I'm using the following custom handler for doing bulk insert using raw sql in django with a MySQLdb backend with innodb tables:
def handle_ttam_file_for(f, subject_pi):
import datetime
write_start = datetime.datetime.now()
print "write to disk start: ", write_start
destination = open('temp.ttam', 'wb+')
for chunk in f.chunks():
destination.write(chunk)
destination.close()
print "write to disk end", (datetime.datetime.now() - write_start)
subject = Subject.objects.get(id=subject_pi)
def my_custom_sql():
from django.db import connection, transaction
cursor = connection.cursor()
statement = "DELETE FROM ttam_genotypeentry WHERE subject_id=%i;" % subject.pk
del_start = datetime.datetime.now()
print "delete start: ", del_start
cursor.execute(statement)
print "delete end", (datetime.datetime.now() - del_start)
statement = "LOAD DATA LOCAL INFILE 'temp.ttam' INTO TABLE ttam_genotypeentry IGNORE 15 LINES (snp_id, #dummy1, #dummy2, genotype) SET subject_id=%i;" % subject.pk
ins_start = datetime.datetime.now()
print "insert start: ", ins_start
cursor.execute(statement)
print "insert end", (datetime.datetime.now() - ins_start)
transaction.commit_unless_managed()
my_custom_sql()
The uploaded file has 500k rows and is ~ 15M in size.
The load times seem to get progressively longer as files are added.
Insert times:
1st: 30m
2nd: 50m
3rd: 1h20m
4th: 1h30m
5th: 1h35m
I was wondering if it is normal for load times to get longer as files of constant size (# rows) are added and if there is anyway to improve performance of bulk inserts.
I found the main issue with bulk inserting to my innodb table was a mysql innodb setting I had overlooked.

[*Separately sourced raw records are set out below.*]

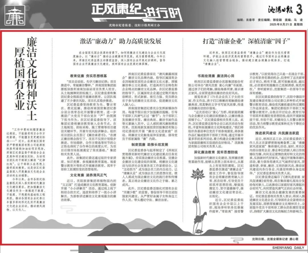 8月21日,《沈陽日報》報道了鐵西區紀委監委推動“清廉企業”建設的具體實踐。文中提到,鐵西區紀委監委聯合沈鼓集團股份有限公司舉辦“清風沈鼓 童心向廉”書畫展,通過孩子們的筆觸,描繪海晏河清,展示清正家風,全面營造崇尚廉潔的良好風尚。“清風沈鼓 童心向廉”書畫展活動,以“童心”為橋,將家庭助廉與企業廉潔文化建設深度融合,讓廉潔理念深植于心,著力構建企業廉潔教育與家庭助廉相互促進的良好格局。
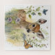 Belo veado-bebê e quebra-cabeça de pintura de borboleta.
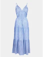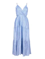 Dámské dlouhé letní šaty, v pase prošité, vzadu s rafinovaným výstřihem. Zapínání na zádech, skrytý zip. Podšité spodničkou do půlky stehen.
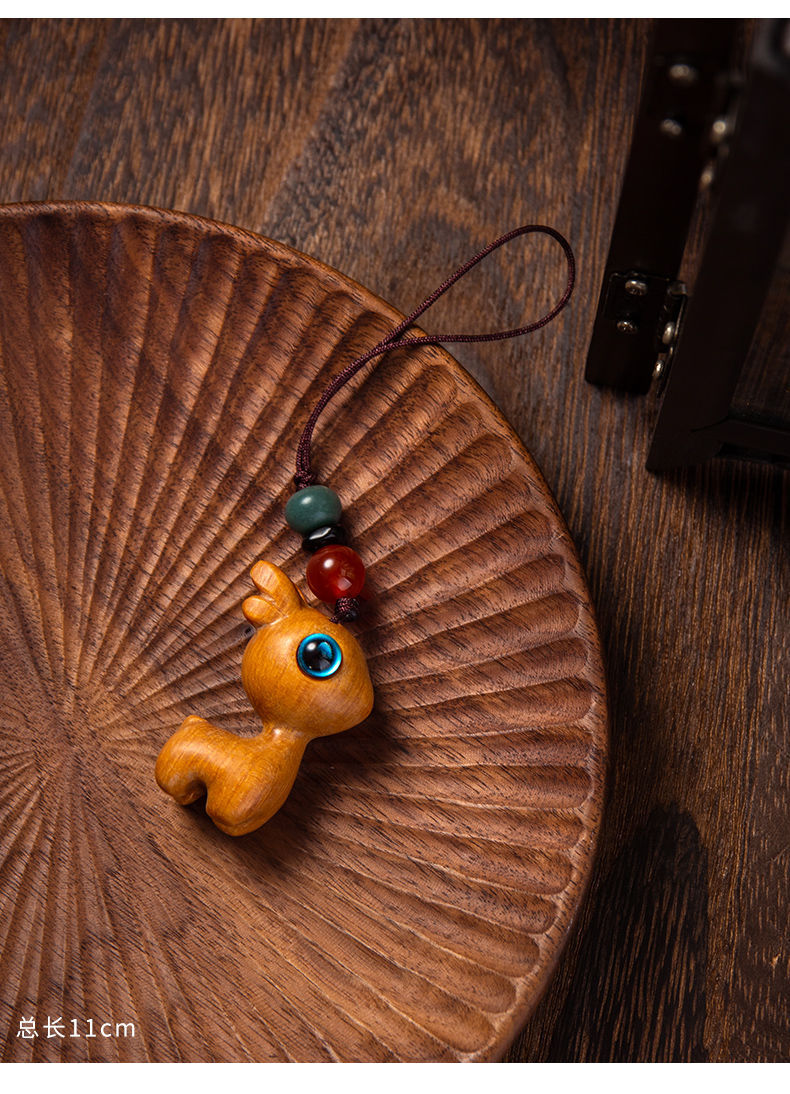 十二生肖崖柏木彫り創意実木自動車キーホルダー萌えストラッププレゼント国風アクセサリー
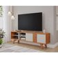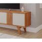 A Porta De Correr Com O Trilho Inferir Em Alumínio, E Os Pés De Madeira Proporcionam Um Estilo Moderno E Retrô, Dando Sofisticação E Elegância No Seu Rack Bancada Para Tv Até 60 Polegadas.
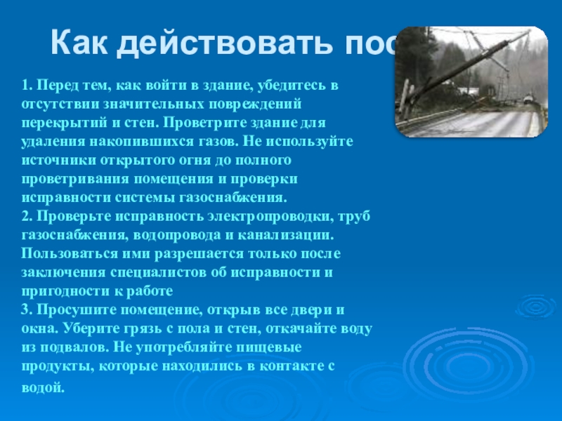 2. Проверьте исправность электропроводки, труб газоснабжения, водопровода и канализации. Пользоваться ими разрешается только после заключения специалистов об исправности и пригодности к работе
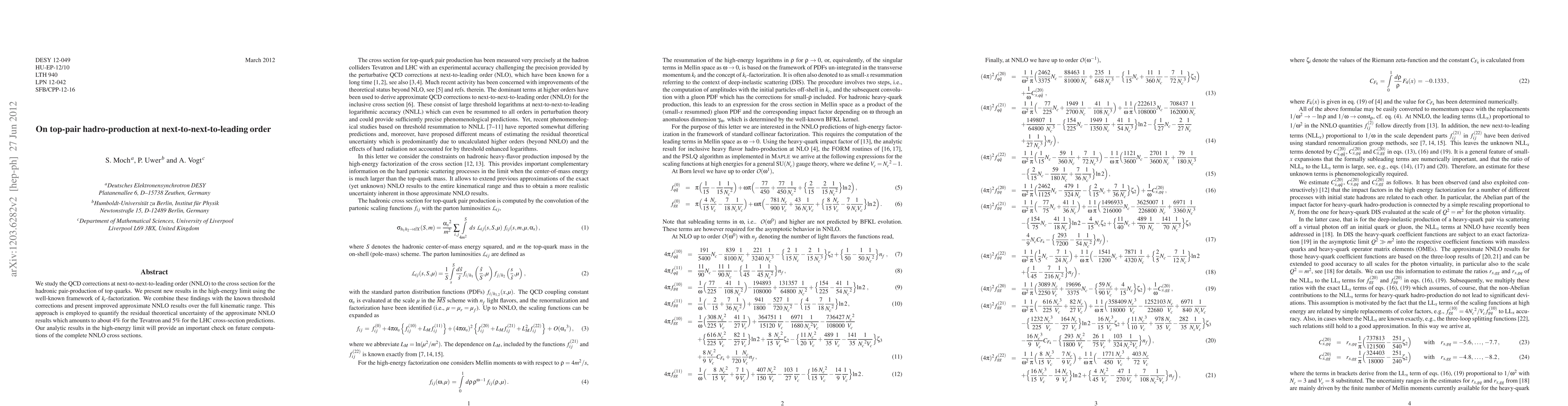 This paper presents new QCD corrections at next-to-next-to-leading order (NNLO) to the cross section for top-pair hadro-production, utilizing k_t-factorization and combining these with known threshold corrections. The study aims to quantify theoretical uncertainties, achieving about 4% for Tevatron and 5% for LHC predictions, and provides an analytic check for future complete NNLO computations.
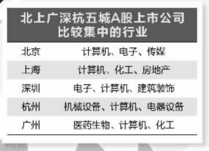 从五城上市公司所属行业来看,也各具特色,北京和上海计算机行业公司占比最高,以北京为例,计算机一个行业公司数量就占当地A股公司总数约两成;深圳的优势产业是电子产业,该市电子行业A股公司占比最高;杭州和广州各自的产业优势也投射到了资本市场,两市A股公司中占比最高的行业则分别为机械设备和医药生物行业。

The setting for innodb_buffer_pool_size is default 8M for my version of mysql and causing a huge slow down as my table size grew.

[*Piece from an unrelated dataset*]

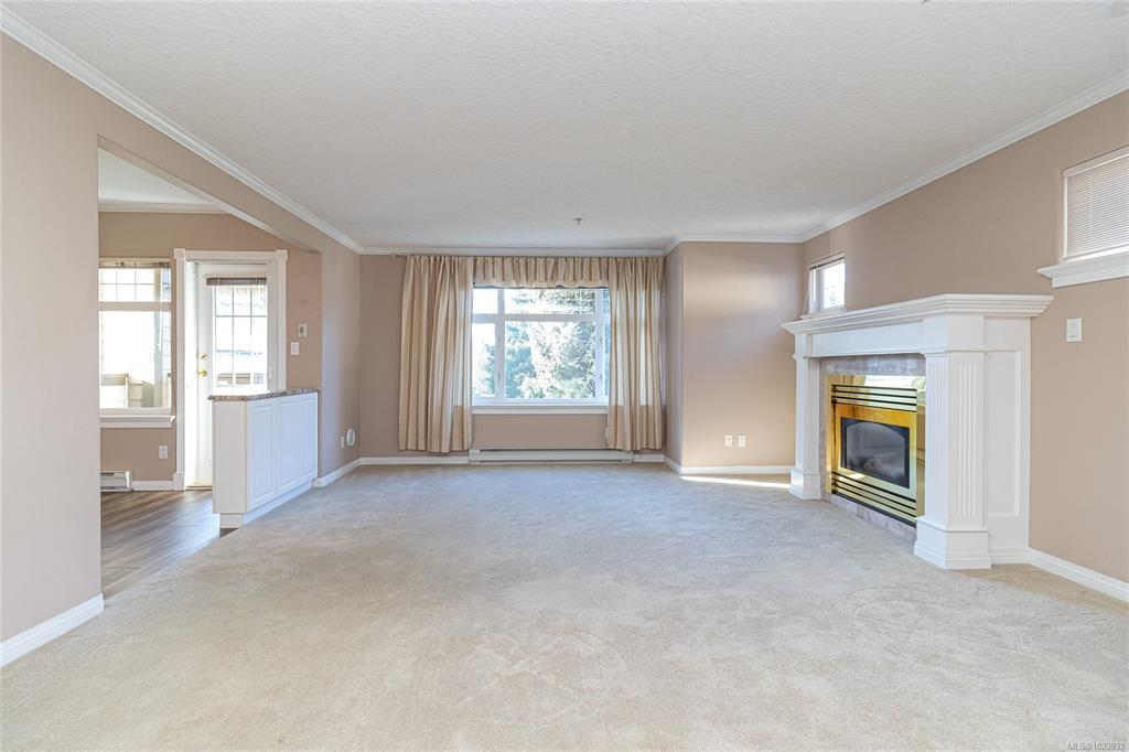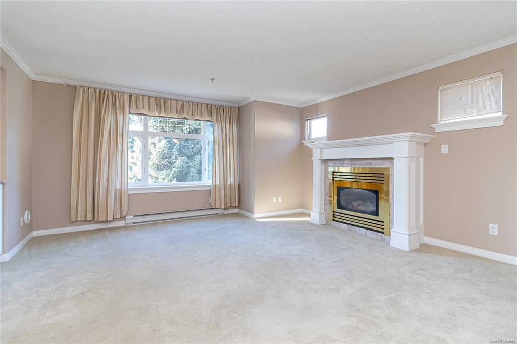 Garden-View Living in Broadmead Terrace. This two-bedroom, two-bath home offers exceptional privacy with bedrooms positioned at opposite ends of the unit. The generously proportioned living and dining rooms center around a cozy gas fireplace, creating an inviting space for both everyday living and entertaining. The kitchen features an eating area that opens directly onto your private patio. The primary bedroom easily accommodates a king-size bed and includes an ensuite with a tub, a separate shower, and closet. Includes a large laundry room, complete with additional storage. The suite also includes secure underground parking and a separate storage locker. Broadmead Terrace is a sought-after, adult-oriented complex distinguished by its management and stunning grounds featuring ponds, fountains, and meandering walkways. Located just a short stroll from Broadmead Village, Royal Oak Shopping Centre, walking trails, transit, and all essential services. Open House - Sat, Feb 7 (2-4 pm)

innodb-performance-optimization-basics
choosing-innodb_buffer_pool_size
The recommended size according to the articles is 70 to 80 percent of the memory if using a dedicated mysql server. After increasing the buffer pool size, my inserts went from an hour+ to less than 10 minutes with no other changes.
Another change I was able to make was getting ride of the LOCAL argument in the LOAD DATA statement (thanks #f00). My problem before was that i kept getting file not found, or cannot get stat errors when trying to have mysql access the file django uploaded.
Turns out this is related to using ubuntu and this bug.
Pick a directory from which mysqld should be allowed to load files.
Perhaps somewhere writable only by
your DBA account and readable only by
members of group mysql?
sudo aa-complain /usr/sbin/mysqld
Try to load a file from your designated loading directory: 'load
data infile
'/var/opt/mysql-load/import.csv' into
table ...'
sudo aa-logprof aa-logprof will identify the access violation
triggered by the 'load data infile
...' query, and interactively walk you
through allowing access in the future.
You probably want to choose Glob from
the menu, so that you end up with read
access to '/var/opt/mysql-load/*'.
Once you have selected the right
(glob) pattern, choose Allow from the
menu to finish up. (N.B. Do not
enable the repository when prompted to
do so the first time you run
aa-logprof, unless you really
understand the whole apparmor
process.)
sudo aa-enforce /usr/sbin/mysqld
Try to load your file again. It should work this time.